- Education: University of California, Los Angeles
- Occupation: Media executive
- Years active: 33
- Employer: The Walt Disney Company
- Known for: Executive of Disney Branded Television
- Title: President and Chief Creative Officer of Disney Branded Television
- Website: TheWaltDisneyCompany.com

= Gary Marsh =

American executive in media and production

Gary Marsh is a media executive who was President and Chief Creative Officer for Disney Branded Television, where he developed and produced Disney Channel Original Series, Disney Channel Original Movies, and Disney Junior Series (formerly Playhouse Disney). He also oversaw talent and casting operations for Disney Channel.

== Career ==
Marsh joined Disney Channel in July 1988 as executive director of Original Programming.

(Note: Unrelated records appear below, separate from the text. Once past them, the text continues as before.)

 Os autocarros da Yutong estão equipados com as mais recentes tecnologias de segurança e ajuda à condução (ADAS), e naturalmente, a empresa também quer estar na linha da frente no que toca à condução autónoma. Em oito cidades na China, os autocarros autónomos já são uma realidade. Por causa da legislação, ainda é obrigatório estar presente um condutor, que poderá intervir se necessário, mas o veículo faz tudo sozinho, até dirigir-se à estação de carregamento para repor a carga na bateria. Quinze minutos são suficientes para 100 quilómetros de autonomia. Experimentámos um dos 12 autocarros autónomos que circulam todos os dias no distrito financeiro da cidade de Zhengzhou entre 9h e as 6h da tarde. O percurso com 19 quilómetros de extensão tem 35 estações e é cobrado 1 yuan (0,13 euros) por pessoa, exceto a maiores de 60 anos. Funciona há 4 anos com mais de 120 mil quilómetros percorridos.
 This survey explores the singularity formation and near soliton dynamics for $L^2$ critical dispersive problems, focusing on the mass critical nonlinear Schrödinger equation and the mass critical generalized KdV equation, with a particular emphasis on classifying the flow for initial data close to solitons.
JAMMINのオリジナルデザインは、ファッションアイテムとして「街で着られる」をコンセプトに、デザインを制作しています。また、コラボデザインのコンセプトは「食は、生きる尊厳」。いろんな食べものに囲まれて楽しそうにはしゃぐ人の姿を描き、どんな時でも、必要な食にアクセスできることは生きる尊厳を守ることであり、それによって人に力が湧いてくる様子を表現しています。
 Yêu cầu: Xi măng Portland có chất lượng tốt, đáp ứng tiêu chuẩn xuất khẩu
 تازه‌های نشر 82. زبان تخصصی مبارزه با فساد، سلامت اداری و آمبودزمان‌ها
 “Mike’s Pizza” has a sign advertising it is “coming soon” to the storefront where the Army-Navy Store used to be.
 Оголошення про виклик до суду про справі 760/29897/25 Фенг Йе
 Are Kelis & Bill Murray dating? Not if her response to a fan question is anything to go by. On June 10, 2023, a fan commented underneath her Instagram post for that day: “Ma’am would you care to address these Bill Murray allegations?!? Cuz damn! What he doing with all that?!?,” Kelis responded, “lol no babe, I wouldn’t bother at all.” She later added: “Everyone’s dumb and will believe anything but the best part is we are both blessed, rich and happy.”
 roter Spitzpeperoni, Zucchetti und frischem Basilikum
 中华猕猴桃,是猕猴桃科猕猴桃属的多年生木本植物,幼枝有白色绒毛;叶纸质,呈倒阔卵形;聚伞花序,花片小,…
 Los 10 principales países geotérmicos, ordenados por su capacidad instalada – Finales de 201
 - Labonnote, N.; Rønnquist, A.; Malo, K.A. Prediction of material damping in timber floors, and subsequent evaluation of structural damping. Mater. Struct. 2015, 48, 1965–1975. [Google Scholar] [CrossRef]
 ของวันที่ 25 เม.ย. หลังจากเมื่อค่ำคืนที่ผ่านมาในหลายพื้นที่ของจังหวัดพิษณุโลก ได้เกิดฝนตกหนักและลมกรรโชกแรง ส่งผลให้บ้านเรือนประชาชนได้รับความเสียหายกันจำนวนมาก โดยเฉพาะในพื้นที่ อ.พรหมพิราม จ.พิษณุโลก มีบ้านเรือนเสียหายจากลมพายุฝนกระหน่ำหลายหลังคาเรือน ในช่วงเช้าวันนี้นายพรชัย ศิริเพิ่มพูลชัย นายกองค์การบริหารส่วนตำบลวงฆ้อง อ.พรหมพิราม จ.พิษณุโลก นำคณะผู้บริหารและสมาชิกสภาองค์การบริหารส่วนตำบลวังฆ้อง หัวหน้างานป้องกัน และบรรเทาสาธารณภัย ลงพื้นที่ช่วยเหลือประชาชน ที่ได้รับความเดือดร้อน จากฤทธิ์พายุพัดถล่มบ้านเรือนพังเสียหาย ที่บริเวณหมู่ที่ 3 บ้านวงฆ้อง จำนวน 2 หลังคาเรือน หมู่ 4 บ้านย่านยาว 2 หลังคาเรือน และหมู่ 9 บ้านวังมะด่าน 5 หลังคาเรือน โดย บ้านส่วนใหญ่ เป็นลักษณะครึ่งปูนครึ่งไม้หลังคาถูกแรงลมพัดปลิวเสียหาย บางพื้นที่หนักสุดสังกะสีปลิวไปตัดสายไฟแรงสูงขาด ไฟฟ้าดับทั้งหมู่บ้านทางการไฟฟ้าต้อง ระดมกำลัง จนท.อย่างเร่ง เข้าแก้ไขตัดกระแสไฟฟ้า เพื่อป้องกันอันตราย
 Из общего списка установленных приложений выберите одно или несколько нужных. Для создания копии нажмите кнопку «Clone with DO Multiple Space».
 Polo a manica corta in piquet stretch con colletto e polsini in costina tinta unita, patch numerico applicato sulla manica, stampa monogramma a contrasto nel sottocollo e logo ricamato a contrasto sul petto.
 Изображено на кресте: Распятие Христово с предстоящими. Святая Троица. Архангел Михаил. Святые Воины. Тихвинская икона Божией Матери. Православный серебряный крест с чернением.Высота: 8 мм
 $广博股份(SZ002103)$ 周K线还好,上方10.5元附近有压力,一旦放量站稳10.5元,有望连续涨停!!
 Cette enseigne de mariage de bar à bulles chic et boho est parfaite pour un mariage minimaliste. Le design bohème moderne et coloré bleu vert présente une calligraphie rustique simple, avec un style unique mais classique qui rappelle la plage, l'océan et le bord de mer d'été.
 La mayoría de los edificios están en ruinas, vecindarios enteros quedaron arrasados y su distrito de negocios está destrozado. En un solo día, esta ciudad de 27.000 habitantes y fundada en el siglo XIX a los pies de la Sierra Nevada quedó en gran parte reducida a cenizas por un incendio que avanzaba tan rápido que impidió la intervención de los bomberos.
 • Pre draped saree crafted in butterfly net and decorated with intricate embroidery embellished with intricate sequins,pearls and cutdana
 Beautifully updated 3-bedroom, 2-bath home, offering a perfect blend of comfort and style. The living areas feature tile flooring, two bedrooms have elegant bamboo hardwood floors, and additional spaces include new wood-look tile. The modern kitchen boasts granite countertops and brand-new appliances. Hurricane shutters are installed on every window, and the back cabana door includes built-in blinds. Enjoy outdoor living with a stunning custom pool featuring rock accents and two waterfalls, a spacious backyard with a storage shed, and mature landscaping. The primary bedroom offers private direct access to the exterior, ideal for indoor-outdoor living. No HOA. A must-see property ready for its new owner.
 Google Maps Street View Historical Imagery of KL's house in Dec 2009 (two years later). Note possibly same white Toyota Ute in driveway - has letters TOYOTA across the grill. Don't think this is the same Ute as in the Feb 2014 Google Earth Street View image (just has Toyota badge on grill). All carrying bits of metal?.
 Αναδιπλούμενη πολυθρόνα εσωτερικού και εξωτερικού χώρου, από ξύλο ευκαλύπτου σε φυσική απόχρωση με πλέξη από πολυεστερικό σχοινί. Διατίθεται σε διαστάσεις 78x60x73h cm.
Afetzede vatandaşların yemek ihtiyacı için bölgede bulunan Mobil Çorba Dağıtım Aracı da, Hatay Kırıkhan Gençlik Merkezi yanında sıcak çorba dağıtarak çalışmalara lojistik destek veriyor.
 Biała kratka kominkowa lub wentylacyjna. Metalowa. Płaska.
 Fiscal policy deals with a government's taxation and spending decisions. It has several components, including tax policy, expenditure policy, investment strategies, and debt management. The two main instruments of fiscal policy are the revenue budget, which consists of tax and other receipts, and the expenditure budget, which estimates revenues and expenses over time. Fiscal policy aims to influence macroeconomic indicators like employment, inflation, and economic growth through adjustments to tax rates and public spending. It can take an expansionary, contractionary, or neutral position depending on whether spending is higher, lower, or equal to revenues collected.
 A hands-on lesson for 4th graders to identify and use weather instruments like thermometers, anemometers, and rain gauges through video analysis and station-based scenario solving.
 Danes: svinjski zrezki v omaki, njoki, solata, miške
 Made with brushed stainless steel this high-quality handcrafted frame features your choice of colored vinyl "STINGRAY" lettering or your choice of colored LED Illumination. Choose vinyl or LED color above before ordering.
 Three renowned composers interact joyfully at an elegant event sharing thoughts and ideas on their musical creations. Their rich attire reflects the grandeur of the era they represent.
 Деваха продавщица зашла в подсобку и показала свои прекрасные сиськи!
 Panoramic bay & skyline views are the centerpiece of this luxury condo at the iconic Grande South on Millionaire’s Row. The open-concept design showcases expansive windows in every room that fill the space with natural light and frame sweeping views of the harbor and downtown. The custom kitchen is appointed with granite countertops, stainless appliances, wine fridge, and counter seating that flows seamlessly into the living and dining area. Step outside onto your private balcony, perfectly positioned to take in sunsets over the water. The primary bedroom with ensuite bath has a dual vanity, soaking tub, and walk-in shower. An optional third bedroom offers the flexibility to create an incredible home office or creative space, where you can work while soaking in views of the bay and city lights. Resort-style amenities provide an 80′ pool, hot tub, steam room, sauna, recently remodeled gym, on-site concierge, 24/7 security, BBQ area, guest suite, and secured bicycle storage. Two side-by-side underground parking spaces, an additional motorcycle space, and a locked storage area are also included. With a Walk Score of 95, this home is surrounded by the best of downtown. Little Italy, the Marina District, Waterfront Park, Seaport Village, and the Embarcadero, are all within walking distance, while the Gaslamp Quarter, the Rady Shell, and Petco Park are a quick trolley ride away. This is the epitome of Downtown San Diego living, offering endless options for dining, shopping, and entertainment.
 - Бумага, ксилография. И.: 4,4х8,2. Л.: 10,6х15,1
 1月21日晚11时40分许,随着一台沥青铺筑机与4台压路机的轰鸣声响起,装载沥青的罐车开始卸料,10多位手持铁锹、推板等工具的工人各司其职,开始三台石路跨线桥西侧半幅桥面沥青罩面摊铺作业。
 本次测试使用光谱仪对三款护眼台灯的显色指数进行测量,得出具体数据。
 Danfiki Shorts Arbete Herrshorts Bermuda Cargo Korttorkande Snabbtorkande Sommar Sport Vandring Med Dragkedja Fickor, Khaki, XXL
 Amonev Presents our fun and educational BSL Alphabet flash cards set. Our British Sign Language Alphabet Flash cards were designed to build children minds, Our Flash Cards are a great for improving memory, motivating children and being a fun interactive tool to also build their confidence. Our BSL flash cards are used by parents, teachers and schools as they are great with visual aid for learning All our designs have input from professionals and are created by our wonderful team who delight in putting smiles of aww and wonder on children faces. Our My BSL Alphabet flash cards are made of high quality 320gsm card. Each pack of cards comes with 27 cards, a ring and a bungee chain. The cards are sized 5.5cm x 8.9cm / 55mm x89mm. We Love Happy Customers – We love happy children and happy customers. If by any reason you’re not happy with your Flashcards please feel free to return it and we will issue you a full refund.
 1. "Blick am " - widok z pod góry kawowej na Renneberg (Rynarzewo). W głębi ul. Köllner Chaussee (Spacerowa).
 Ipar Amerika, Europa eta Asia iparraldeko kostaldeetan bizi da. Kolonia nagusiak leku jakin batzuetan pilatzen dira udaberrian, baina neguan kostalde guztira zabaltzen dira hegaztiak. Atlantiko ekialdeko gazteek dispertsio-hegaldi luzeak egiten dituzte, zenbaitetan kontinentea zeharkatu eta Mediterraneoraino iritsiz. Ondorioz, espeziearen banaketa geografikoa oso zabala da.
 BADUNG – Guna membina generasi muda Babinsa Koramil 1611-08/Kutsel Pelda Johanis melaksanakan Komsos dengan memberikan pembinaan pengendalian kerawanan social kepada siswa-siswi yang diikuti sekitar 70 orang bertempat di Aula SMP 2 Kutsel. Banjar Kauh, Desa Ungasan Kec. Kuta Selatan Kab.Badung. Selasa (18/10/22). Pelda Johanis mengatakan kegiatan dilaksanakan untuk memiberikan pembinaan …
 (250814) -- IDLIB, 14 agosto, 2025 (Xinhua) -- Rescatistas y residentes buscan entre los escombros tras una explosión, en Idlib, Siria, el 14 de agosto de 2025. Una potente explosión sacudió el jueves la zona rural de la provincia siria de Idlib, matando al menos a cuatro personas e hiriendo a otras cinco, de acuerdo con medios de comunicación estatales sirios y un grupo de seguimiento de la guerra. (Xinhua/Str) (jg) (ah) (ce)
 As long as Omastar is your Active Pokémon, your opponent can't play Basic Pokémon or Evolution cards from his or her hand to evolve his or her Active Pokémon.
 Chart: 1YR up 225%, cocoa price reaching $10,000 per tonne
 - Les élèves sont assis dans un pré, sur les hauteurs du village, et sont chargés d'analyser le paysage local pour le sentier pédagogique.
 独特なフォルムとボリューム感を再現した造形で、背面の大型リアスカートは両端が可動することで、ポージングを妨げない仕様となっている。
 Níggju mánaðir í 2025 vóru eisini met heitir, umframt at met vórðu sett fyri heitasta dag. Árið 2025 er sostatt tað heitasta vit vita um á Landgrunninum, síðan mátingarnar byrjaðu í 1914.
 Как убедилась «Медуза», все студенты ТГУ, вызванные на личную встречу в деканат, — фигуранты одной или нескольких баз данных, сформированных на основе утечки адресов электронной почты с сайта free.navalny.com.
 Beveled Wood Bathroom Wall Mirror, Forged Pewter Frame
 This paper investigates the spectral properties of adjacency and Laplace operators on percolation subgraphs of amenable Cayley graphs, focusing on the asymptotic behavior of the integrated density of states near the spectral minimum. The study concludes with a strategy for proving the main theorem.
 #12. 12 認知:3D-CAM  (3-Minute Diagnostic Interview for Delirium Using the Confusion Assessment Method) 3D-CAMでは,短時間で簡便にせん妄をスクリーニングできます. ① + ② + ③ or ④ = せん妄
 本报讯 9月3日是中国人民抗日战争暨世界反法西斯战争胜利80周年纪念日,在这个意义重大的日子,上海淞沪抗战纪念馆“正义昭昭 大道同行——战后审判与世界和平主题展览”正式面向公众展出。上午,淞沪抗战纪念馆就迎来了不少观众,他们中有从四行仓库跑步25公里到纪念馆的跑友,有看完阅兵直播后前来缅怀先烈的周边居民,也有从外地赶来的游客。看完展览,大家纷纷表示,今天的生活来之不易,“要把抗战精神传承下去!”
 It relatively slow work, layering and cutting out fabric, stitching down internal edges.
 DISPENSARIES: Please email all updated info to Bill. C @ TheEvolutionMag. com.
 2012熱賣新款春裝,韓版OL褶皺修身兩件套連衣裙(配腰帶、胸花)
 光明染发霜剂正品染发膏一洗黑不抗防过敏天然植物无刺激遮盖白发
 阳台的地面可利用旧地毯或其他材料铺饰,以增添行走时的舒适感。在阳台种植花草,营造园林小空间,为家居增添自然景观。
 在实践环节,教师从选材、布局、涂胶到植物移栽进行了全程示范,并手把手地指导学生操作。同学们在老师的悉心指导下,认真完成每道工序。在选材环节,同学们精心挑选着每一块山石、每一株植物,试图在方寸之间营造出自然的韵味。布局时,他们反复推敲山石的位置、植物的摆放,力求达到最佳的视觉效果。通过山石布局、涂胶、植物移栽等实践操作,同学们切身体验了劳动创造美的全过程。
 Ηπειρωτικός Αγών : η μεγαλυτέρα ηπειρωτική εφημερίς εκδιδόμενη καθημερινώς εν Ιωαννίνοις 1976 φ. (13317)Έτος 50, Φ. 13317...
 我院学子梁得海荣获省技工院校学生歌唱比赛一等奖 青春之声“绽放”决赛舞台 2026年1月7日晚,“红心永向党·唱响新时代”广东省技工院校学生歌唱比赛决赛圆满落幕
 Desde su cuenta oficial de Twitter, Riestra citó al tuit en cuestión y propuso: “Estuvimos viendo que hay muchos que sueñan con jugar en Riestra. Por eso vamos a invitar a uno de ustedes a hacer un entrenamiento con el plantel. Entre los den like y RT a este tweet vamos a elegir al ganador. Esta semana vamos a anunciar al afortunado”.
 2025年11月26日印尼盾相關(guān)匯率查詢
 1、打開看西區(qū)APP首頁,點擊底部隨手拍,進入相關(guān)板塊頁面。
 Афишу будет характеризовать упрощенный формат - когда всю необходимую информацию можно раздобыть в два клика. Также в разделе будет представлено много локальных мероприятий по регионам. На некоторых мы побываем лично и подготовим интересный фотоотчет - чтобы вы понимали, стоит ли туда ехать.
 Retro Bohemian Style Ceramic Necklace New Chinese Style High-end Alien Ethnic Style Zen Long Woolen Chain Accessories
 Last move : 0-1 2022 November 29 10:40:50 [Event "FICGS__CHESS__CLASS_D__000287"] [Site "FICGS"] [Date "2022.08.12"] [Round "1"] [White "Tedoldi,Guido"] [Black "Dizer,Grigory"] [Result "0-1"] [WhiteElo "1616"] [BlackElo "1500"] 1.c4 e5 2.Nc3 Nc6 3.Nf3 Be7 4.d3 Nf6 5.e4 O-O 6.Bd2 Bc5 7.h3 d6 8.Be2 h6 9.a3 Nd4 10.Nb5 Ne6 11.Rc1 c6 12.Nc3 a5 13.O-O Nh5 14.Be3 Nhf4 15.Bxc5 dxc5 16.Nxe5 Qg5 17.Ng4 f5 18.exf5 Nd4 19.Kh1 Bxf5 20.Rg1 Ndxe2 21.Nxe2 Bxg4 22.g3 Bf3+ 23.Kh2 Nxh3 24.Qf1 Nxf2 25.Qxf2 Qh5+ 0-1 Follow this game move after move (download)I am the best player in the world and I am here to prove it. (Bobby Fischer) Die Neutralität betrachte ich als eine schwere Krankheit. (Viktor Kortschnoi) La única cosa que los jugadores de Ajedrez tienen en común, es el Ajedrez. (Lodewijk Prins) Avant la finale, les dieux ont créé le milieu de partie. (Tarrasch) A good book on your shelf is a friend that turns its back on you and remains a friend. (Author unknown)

He was made Vice President eight months later, and in 1994, became Senior Vice President.

In 1999, he was promoted to Executive Vice President, and in 2001, Marsh assumed the role of Executive Vice President of Original Programming and Production at Disney Channel.

In 2005, he was promoted to President of Entertainment at Disney Channels Worldwide, and in 2009, he assumed the role of Chief Creative Officer at Disney Channels Worldwide before being promoted to President and Chief Creative Office at Disney Channels Worldwide in 2011.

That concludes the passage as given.